I mean they opened fire upon a BOP as soon as it de-cloaked without actually waiting to see whether they armed their weapons or tried to establish contact.
I swear, do some people actually watch the movies...
The Search for Spock said:SULU: Klingon Bird of Prey, sir! She's arming torpedoes!
That line was given as the ship decloaked.
What exactly would be Kirk's reason to wait and communicate with the Klingons? They are unable to contact the Grissom and the Bird-of-Prey is arming weapons as she's decloaking.
Woops! It's seems that I forgot that particular piece of dialogue.
Of course, my problem with that scene is the fact that Kirk doesn't immediately raise shields (torpedoes would be useless against full strength shields) as the BOP decloaks, in fact why didn't Scotty or Sulu (who were pretty much handling everything except comms and science) have one of their respective fingers on the shields button during the whole "is it a cloaked ship or a subspace distortion" debate?
Anyway, it just adds to the idea that Kirk and co. weren't thinking clearly, it was only a few weeks ago that they were caught out by not raising their shields at the first sign of trouble. The worst thing that could have happened was the shields would not raise and everything would go to hell like it did anyway, the conversation with Kruge would still happen (because of his ego - "take prisoners, screw the usual practice of destroying any and all enemies") and the Enterprise crew would still formulate the self-destruct plan - again I refer you all to the incredible missed opportunity that they had to beam the entire Klingon crew to somewhere where they wouldn't be a problem like Space or a volcano on Genesis, or perhaps the Enterprise brig? (for those of you still convinced that Kirk and co. were doing things the "Starfleet" way, despite the fact they all decided to murder most of the Klingon crew by blowing up the Enterprise).
It's really out of character and we all know that the reason that things went this way was because the Enterprise needed to be destroyed and somebody felt that Kirk and the villain needed to have a physical encounter because it was absent from TWOK.
In terms of the morality of it all, Kirk did say that to Kruge that "your presence here is an act of war" where the usual rules don't apply, he was also left with a clapped out starship a limited crew with an average age of 50 and plenty of reasons to believe that they would all be executed upon allowing the Klingon crew aboard. With resources limited, a hostile force about to descend upon you and the very real possibility that your life and the lives of your friends are about come to an end - you would jump at any opportunity in which to break out of this predicament. It just so happened that Kirk ignored the first and most obvious opportunity (and easily the most efficient).

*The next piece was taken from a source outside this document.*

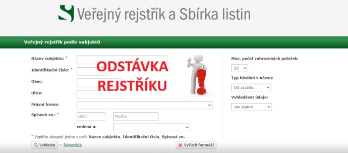Odstávka veřejného rejstříku 13.11.2025 16:21 Ve dnech od 14.11.2025 do 17.11.2025 se uskuteční plánováná odstávka Veřejného rejstříku. Během odstávky nebude systém plně dostupný. Zdroj: https://or.justice.cz/ias/ui/rejstrik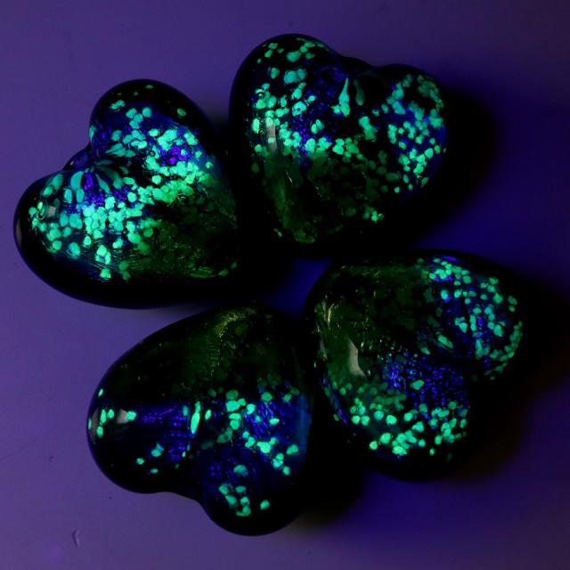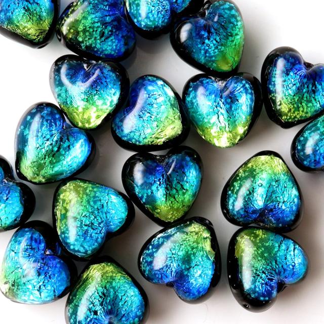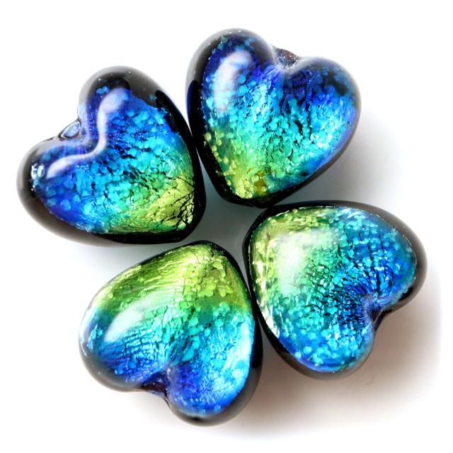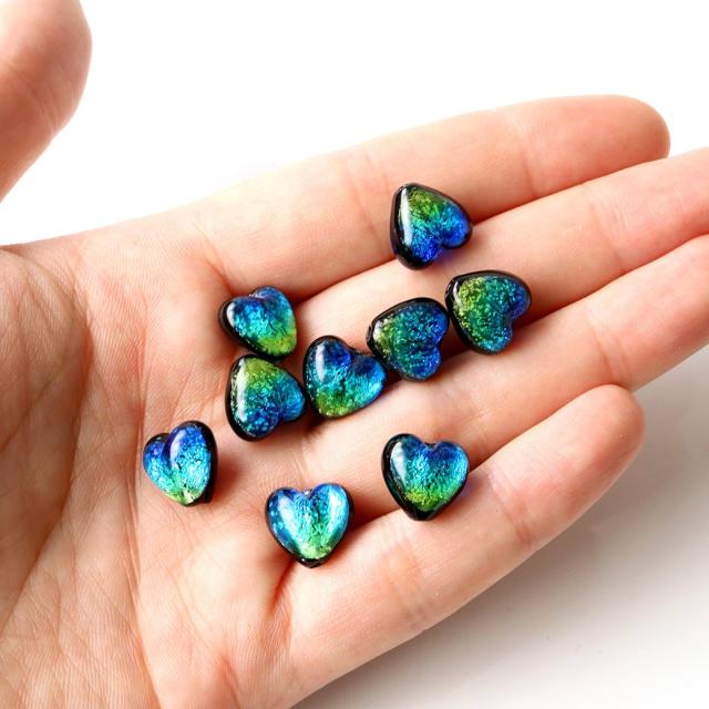 光る ケラママリン ホタルガラス ハート型 約12 x 12 x 8mm 粒売り 1粒 とんぼ玉 沖縄 お土産

One, it's not a crime to attack someone who clearly is going to attack you. Two, there were five of them on the ship. Getting into a shooting match wasn't the ideal choice. Kirk made the right move by luring them into weapons range and getting in the first hit when they decloaked.
If the Klingons were there peacefully they wouldn't be cloaked, they wouldn't destroy Grissom, and I honestly don't see how you can defend them not being treated as the villains they were in this movie.
As for your suggestion of raising shields? Did you not watch the movie? They tried that and they didn't work. The computer automation systems overloaded. Let's suppose Kirk did follow your suggestion. Not only would that have alerted the Klingons that they were detected, but if they failed the Klingons would have gotten in the first shot and crippled them. As it happened the ship running on automation was crippled anyways.